The three single-shot strengths or colors typically sold to the general public are brown, green, and yellow in brass-colored casings.

Not all powder-actuated tools are rated for high-capacity charges—the strongest charge (nickel-purple at 1295 ft/s), for example, is dangerous in a tool not rated for the high pressures it generates. The table above is for a 350 gr slug from a test device.

== Safety and regulation ==

As with their air-actuated cousins, powder-actuated guns have a muzzle safety interlock. If the muzzle is not pressed against a surface with sufficient force, the firing pin is blocked and cannot reach the load to fire it. This helps ensure that the gun does not discharge in an unsafe manner, causing the nail to become an unrestrained projectile.

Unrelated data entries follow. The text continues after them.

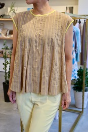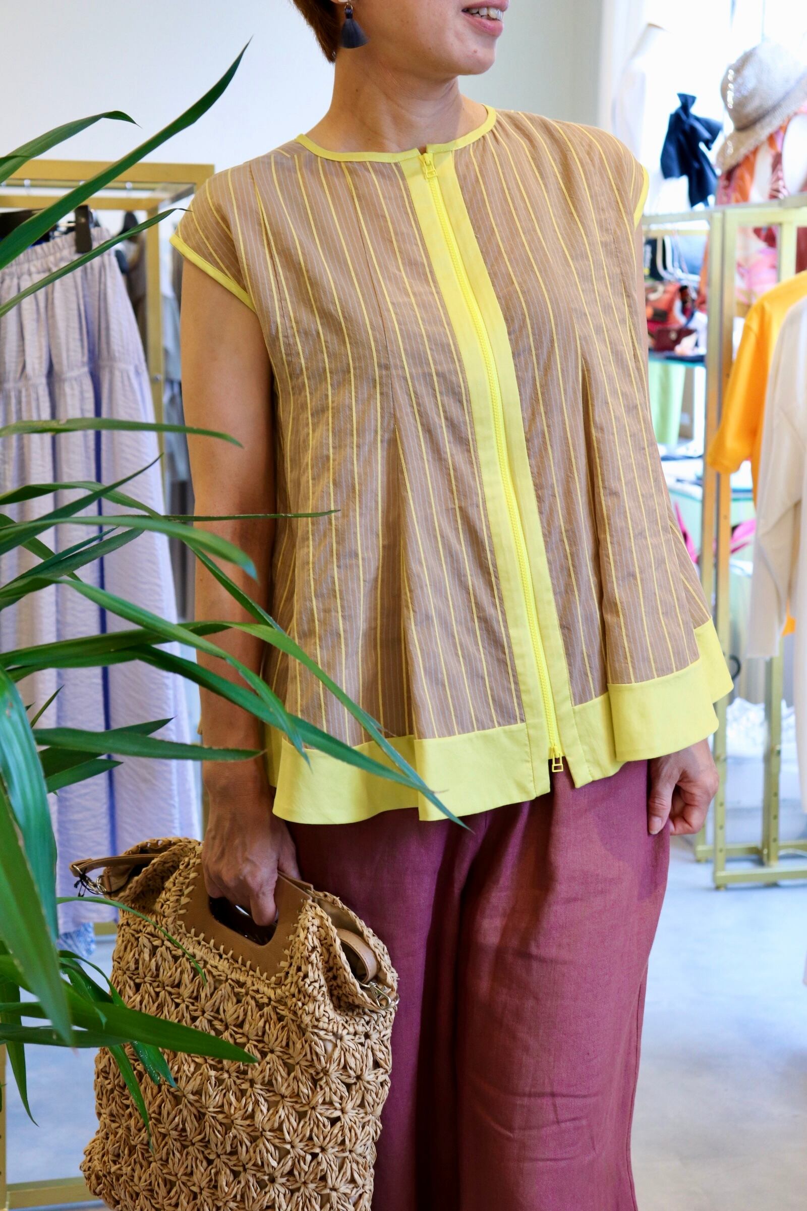 リネンのようなシャリ感のあるストライプ生地は、着心地もさらっとして涼しく着ていただけます◎
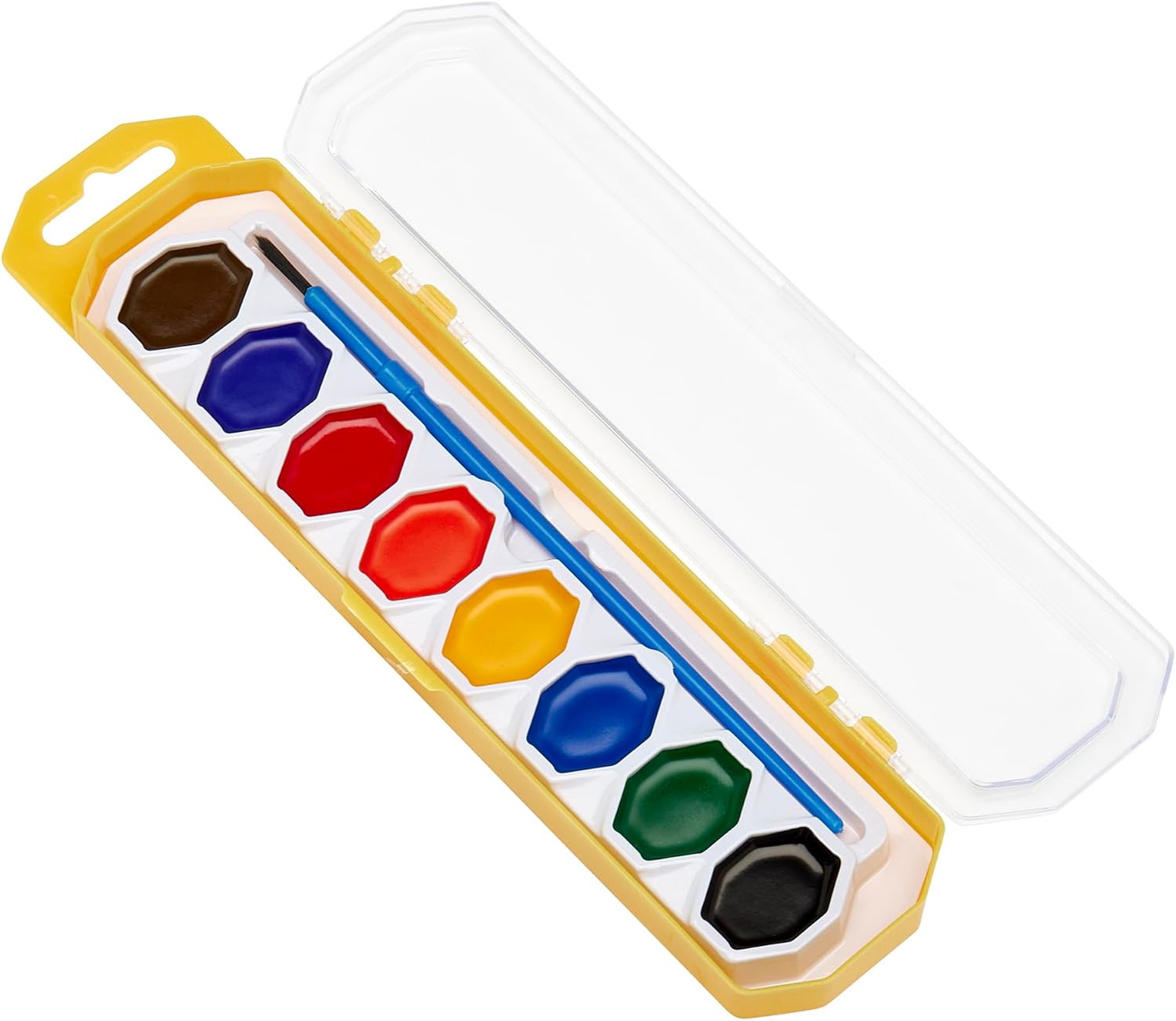 Stokes of genius to keep creativity flowing! These worry-free watercolors feature 8 brilliant colors and 1 artist brush to help kids paint like Van Gogh without leaving permanent marks or making a huge mess. Help kids appreciate the translucency of watercolors and explore application techniques. Teach them to wet the brush in between colors and dab on a paper towel to remove excess water and control color richness. Great for school or home arts and crafts. Dip in!
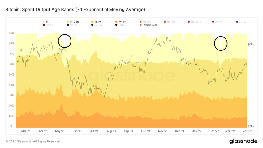 Z kolei ruch od lutego 2021 r. był w większości spowodowany działaniem posiadaczy krótkoterminowych. Z wyjątkiem dwóch okresów (czarne kółka) w maju 2021 r. i lutym 2022 r., ponad 90% transakcji miało swoje poprzednie UTXO utworzone mniej niż miesiąc temu.
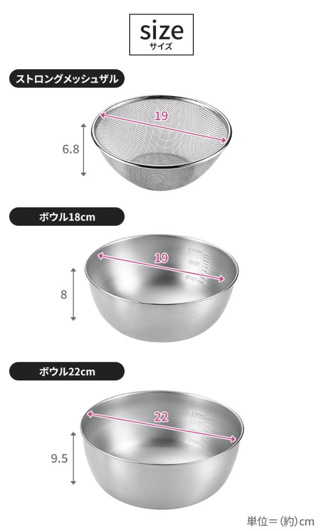 | [メッシュザル19cm]約幅φ19×H6.8cm [ボウル18cm]約幅φ19×H8cm [ボウル21cm]約幅φ22×H9.5cm |
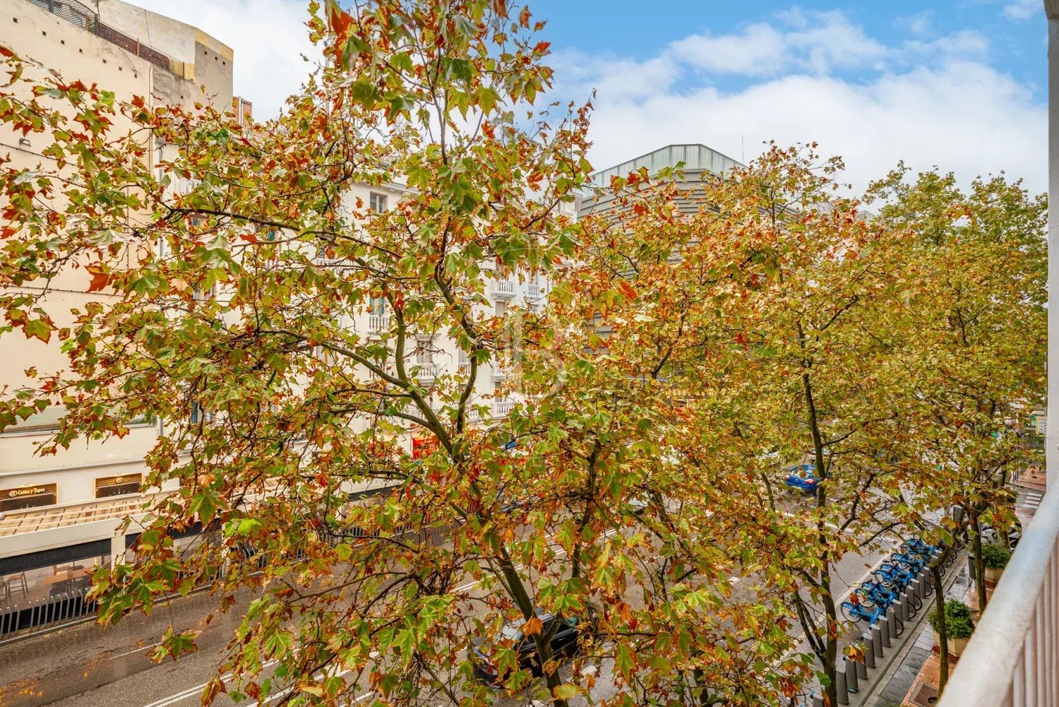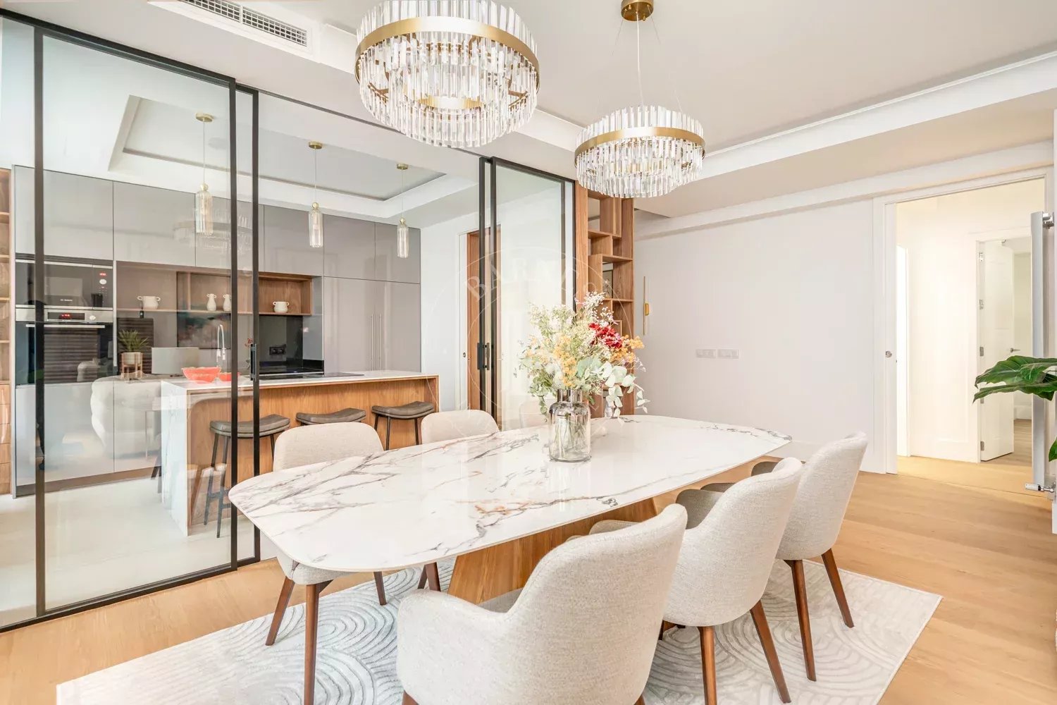 Ce qui rend ce bien vraiment exceptionnel, c’est sa configuration en angle, permettant à la lumière naturelle de pénétrer à toute heure du jour grâce à une double orientation et des baies toute hauteur. Dès l’entrée, un vestibule habillé de boiseries sur mesure en noyer donne le ton, menant à un vaste séjour-salle à manger où les matériaux nobles — parquet en chêne clair, plafonds hauts, luminaires sculpturaux — créent une ambiance élégante, fluide et intemporelle.

Due to their potential for causing personal injury, OSHA regulations in the US require certification specific to the tool being used before any person is permitted to rent or use powder-actuated equipment. Most manufacturers of powder-actuated nail guns offer training and certification, some with no further charge online testing. In addition, special instruction is necessary if the prospective user is unable to distinguish colors used in the color code system that identifies proper power levels. Most certifications are accepted for life; however, in California they must be renewed every three years.